The season’s freeze has locked the waterfall,
its wavering fluid, into a cold permanence.
Last arcs of free spray, crystallized
in mid-air, are scattered among the stones.
Here is a preserved droplet, a Victorian stopper,
which will not melt for months. Water is held,
as these lines hold under the bite of words.
The wind is the one sound, hissing
into the crevice over the quiet ice.

For seventy hardening seasons I’ve watched
the stopping of waterfalls. Some of the time
I knew and perhaps understood how water
changed in winter, what happened to molecules,
how the structures of elements could petrify
in a night from bounding liquid to
an obdurate smoothness. Not any longer.
All that’s confusing now.

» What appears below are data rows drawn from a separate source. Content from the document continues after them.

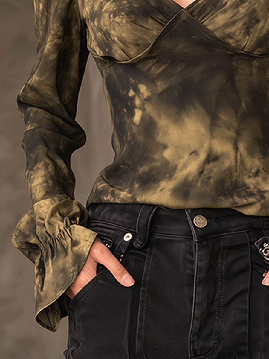 Vintage Dark Brown V-Neck Tie-Dye Trumpet Sleeve Top
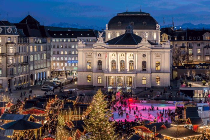 Priamo pri zürišskej opere na námestí Sechseläutenplatz v Bellevue sa nachádza jeden z ďalších najobľúbenejších vianočných trhov v Zürichu – Wienachtsdorf čiže Zürišská vianočná dedinka.
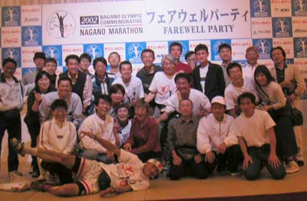 4月14日、第4回長野マラソンのフェアウエルパーティで。女子優勝のビクタギロワさんを中央にNMCメンバーとその家族・友人ら。
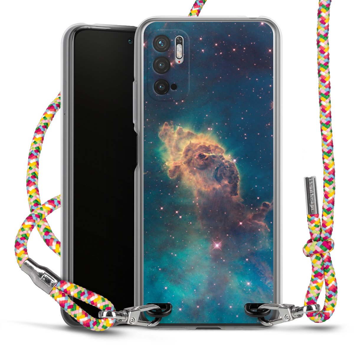 The flexible case is made from a highquality TPU material (thermoplastic Polyurethan). Thanks to its longlasting and break resistant characterisitcs, the case is flexible yet consistent in form and has a great grip and feel. The textile strap made from Polyester gives a chic yet casual accent allowing you to carry your phone like a bag or necklace - a practical gadget perfect for your next adventure. The textile strap is about 1.70 meters long and the length can easily be adjusted through the knots. Our Carry Case is available in Colourful, Mint-Camouflage, Very-Berry, Sahara-Sand and Sparkling-Neon. The ends of the textile strap are covered with metallic end caps to protect them against fraying.

I am content
to watch the world turn cold with its old grace.

Soon younger men will come, active, dressed
against ice, with crampons and pitons, coils
of nylon rope, looking up quite differently
from the river bed. They’ll wear their red
windproofs on the pallor of the ice,
search for fingerhold and toehold, secure
their spiked boots, begin to climb.
It’s grim work. At first one sees them progress
with a quick elegance, straight up, few overhangs.

But soon they must steady, take the ice axe
from its holster, with brisk hacks
of the blade cut steps out of the sliding
fall, blocks of cold spoil dropping
to the valley floor, skittering down.
They’ll pull themselves up to the line
of sky above them, the canyon’s edge.
What then? No axe will chop footholds
in that thin air. They won’t fly, I can tell them.